Continuous mixture of uniform distribution with uniformly distributed lower bound

663 Views Asked by At

I thought this was going to be easy, but it seems not to be...

Informally, the problem arises because I need to characterize the situation in which one random variable can have any value between 0 and 1, with equal probability, and a second can also have any value in this range, as long as it is larger than the first. I would like to know the marginal distribution on the second variable.

So,
$u_1 \sim Unif(0,1)$ , and
$u_2|u_1 \sim Unif(u_1,1)$

Marginalizing $u_2$ over the range of $u_1$ gives:

EDITED, with thanks to 'Did': $$\varphi(u_2) = \int_0^1 \varphi(u_2|u_1)\varphi(u_1) du_1 = \int_0^{u_2} \frac {1}{1-u_1} du_1$$ The antiderivative of the integrand is standard textbook: $$\int \frac {1}{1-u_1} du_1 = -ln(1-u_1)$$ I found this post on a similar problem: $X|U=u\sim \mathsf{Unif}(0,u)$ and $U\sim\mathsf{Unif}(0,1):$ Are $X, U$ are independent? in which the answer by Graham Kemp makes me believe the correct answer is $$\varphi(u_2)=-ln(1-u_2)$$.
It is easy enough to simulate the process and generate $u_2$ samples, and the result seems to confirm this. The resulting distribution looks very much like a Beta distribution with $3 \over \sqrt 2$ for $\alpha$ and $1 \over \sqrt 2$ for $\beta$, with first moment close enough to 0.75, which seems reasonable considering the law of iterated expectations.

So here are my questions:

  1. Does this particular mixture distribution have a name?
  2. Why is $-ln(1-x)$ that close to $Beta({{3} \over {\sqrt 2}},{{1} \over {\sqrt 2}})$, or, if you prefer, $-ln(x)$ to $Beta({{1} \over {\sqrt 2}},{{3} \over {\sqrt 2}})$ ? Here is a graph showing function values for -ln(x) and beta distribution density with $\sqrt{0.5}$ and $\sqrt{4.5}$ for $\alpha$ and $\beta$. Might this close relation be shown by derivation?
  3. The answer might be a beta distribution and the general context is reminiscent of Dirichlet processes and distributions.
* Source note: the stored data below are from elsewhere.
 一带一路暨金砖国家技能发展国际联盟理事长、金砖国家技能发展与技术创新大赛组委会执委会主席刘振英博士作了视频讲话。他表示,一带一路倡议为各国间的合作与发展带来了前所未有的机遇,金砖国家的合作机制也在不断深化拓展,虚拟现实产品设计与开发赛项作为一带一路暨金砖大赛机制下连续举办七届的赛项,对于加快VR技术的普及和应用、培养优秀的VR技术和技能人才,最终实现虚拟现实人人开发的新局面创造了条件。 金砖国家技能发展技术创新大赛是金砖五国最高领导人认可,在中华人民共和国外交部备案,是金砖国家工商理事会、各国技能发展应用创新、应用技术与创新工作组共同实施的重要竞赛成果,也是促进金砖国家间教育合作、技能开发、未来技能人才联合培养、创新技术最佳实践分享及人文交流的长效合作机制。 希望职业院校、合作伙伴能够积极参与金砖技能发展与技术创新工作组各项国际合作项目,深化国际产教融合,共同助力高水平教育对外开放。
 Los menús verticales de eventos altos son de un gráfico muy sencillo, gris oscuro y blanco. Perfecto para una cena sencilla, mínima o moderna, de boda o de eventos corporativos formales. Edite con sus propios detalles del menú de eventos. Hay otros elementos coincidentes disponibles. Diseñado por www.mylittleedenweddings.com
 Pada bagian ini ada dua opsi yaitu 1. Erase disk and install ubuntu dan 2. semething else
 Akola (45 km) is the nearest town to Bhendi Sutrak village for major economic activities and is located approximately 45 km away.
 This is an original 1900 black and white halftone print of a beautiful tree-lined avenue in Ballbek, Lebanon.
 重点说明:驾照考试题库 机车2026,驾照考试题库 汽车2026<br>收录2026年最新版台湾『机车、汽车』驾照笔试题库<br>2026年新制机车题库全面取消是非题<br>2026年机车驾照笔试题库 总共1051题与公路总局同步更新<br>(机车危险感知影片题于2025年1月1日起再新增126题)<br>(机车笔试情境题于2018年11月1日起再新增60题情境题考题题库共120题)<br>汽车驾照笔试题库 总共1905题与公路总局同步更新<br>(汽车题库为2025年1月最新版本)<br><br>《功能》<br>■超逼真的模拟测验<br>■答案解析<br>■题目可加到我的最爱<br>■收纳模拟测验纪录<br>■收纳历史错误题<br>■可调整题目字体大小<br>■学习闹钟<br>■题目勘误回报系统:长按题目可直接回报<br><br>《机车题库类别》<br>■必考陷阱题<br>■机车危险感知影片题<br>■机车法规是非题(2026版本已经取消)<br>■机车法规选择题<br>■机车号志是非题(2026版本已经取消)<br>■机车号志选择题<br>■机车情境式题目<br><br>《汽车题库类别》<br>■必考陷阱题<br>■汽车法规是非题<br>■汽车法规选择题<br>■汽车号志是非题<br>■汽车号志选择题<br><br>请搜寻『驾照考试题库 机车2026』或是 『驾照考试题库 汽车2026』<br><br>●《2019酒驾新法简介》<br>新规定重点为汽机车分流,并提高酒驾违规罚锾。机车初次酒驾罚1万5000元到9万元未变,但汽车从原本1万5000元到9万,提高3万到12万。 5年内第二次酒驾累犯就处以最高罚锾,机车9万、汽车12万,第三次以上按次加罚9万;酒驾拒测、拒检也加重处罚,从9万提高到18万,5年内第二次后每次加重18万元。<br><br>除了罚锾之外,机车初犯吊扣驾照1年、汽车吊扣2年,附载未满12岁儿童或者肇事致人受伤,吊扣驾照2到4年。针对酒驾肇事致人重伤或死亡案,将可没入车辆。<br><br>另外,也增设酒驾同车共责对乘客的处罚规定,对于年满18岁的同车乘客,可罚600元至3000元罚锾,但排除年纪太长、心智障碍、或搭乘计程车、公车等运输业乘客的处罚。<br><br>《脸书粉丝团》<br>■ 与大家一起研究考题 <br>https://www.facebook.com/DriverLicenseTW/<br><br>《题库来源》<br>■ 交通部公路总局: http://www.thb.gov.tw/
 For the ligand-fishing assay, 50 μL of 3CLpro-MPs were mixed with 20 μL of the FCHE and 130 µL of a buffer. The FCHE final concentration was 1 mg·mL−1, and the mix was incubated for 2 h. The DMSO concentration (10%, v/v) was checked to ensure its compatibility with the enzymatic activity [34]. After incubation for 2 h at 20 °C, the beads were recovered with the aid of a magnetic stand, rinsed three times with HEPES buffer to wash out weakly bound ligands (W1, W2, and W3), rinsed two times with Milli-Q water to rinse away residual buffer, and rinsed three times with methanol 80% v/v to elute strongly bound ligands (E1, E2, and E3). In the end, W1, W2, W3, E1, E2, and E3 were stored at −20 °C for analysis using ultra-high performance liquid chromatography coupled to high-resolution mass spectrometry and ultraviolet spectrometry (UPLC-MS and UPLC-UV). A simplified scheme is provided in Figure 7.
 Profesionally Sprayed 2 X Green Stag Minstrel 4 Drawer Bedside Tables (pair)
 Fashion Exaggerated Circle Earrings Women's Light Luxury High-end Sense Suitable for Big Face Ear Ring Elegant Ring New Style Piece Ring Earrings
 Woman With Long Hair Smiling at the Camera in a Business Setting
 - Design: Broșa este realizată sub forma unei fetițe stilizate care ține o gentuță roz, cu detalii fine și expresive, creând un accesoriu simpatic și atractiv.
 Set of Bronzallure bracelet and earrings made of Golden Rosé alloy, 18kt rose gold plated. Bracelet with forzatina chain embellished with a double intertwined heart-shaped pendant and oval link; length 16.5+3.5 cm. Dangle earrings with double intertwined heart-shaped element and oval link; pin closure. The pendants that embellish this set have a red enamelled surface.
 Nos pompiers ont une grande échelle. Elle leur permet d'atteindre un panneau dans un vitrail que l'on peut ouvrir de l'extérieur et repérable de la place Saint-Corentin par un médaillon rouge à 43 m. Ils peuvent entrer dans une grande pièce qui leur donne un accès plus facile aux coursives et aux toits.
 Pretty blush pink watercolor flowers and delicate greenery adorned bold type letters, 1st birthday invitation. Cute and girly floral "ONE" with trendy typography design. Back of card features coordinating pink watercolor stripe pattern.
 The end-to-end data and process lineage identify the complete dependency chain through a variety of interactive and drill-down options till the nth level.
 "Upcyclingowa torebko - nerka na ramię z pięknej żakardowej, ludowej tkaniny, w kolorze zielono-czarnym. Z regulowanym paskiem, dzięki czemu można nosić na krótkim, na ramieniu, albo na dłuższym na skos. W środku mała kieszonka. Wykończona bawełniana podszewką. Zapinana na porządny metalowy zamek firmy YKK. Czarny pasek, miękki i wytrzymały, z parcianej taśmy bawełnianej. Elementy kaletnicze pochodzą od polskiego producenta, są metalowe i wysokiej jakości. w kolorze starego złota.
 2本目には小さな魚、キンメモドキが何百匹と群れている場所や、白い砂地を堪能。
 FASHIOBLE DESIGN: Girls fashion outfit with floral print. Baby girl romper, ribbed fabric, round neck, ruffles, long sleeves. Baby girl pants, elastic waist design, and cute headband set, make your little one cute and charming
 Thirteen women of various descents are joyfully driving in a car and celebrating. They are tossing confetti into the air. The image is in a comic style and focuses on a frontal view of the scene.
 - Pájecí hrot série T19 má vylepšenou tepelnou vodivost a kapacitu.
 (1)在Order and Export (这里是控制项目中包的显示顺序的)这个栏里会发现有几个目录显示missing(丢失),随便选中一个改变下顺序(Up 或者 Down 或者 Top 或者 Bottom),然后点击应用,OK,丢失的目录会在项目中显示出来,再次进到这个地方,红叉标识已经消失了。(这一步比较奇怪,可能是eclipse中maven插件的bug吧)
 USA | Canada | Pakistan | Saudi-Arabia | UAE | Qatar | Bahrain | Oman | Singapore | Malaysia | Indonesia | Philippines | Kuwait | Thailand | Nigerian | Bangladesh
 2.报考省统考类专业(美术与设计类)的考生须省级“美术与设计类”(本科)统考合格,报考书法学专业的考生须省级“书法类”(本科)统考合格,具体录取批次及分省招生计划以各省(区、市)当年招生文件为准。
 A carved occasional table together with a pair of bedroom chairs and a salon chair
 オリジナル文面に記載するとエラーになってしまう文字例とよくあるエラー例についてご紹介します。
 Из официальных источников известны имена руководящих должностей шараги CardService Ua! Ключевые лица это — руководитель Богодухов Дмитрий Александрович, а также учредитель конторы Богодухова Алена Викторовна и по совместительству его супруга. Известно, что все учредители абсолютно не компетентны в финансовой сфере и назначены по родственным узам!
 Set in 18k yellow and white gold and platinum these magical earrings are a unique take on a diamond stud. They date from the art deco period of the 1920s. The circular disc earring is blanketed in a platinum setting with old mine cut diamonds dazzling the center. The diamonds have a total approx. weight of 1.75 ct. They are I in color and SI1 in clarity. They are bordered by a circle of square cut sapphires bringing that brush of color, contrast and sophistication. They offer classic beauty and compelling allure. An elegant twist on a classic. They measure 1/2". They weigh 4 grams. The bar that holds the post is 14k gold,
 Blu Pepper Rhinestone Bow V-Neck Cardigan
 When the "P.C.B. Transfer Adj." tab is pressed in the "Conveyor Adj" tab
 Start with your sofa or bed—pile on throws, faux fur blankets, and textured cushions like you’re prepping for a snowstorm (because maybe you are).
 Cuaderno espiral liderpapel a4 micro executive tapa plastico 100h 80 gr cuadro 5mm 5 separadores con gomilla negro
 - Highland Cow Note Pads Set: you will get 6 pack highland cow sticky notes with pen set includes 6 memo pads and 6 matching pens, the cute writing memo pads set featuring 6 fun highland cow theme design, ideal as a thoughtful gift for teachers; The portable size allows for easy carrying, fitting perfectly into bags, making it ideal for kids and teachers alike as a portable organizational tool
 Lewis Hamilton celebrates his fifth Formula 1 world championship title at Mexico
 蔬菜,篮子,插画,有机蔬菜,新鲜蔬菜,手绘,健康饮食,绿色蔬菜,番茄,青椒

Is there a link? Is the joint distribution of $u_1$ and $u_2$ Dirichlet?

An answer to any of these three items would be of great help.

1

There are 1 best solutions below

0
On

I will just summarize some findings or answers I came across, in case it matters for anyone else.

  1. I have looked up the expressions $-ln(1-x)$ and its symmetric counterpart $-ln(x)$ in many places, and I did not find any names for it, at least not as a density function. $-ln(x)$ is surprisal (in nats) if x is a probability, but that is quite distinct from a distribution.
  2. There is no particular connection between $-ln(x)$ and the beta distribution, although I was impressed by how close they get for some values of $\alpha$ and $\beta$. It is clear that they are different because it is impossible to match the raw distribution moments.

    My original $(\alpha,\beta)$ pair, $({{1}\over{\sqrt2}},{{3}\over{\sqrt2}})$ was based on visual inspection of the central values produced by sampling from the $-ln(x)$ distribution, but calculating the raw moments for $-ln(x)$ and finding the beta distribution with the same moments gave me the pair $(\alpha,\beta)$ = $({5\over7},{15\over7})$, which also fits the target distribution quite well, at least visually. Upon closer inspection, both approximations overshoot the density significantly near 0, then dip a bit under the target density, especially near 0.04. The approximation is best from 0.20 onwards.

    The ideal way to quantify this approximation would be through KL-divergence, but the integral $$\int_{0}^{1}{-ln(x){ln\Bigl({{-ln(x)}\over{x^{\alpha-1}(1-x)^{\beta-1}}}}Beta(\alpha,\beta)\Bigr)dx}$$ turns into a complete mess and moreover seems to diverge. Even before comparing, the entropy of $-ln(x)$ leads to the logarithmic integral, inconveniently with one at the upper limit. The analytical alternative, which would be to simply calculate the absolute distance and integrate it over the support, requires identification of the roots for that difference, which is equally hard. I took a numerical approach, and calculated, besides the absolute difference, also the relative absolute difference (that is, the distance between the two density functions divided by the target density). Since both density functions integrate to unity in their domain, it is convenient to express these distances as proportions. I got approximately 3.49% and 3.68% for the integrated absolute distances for the moment-matched and the "multiples of $1/\sqrt2$" beta distributions, and 4.27% and 3.75% for the same beta distributions when calculated relative to target density.

  3. I am still not sure about the relationship to Dirichlet processes, but the joint distribution is not a Dirichlet distribution. For once, if it were, the marginal distributions should be beta, and the distribution of $u_2$ isn't.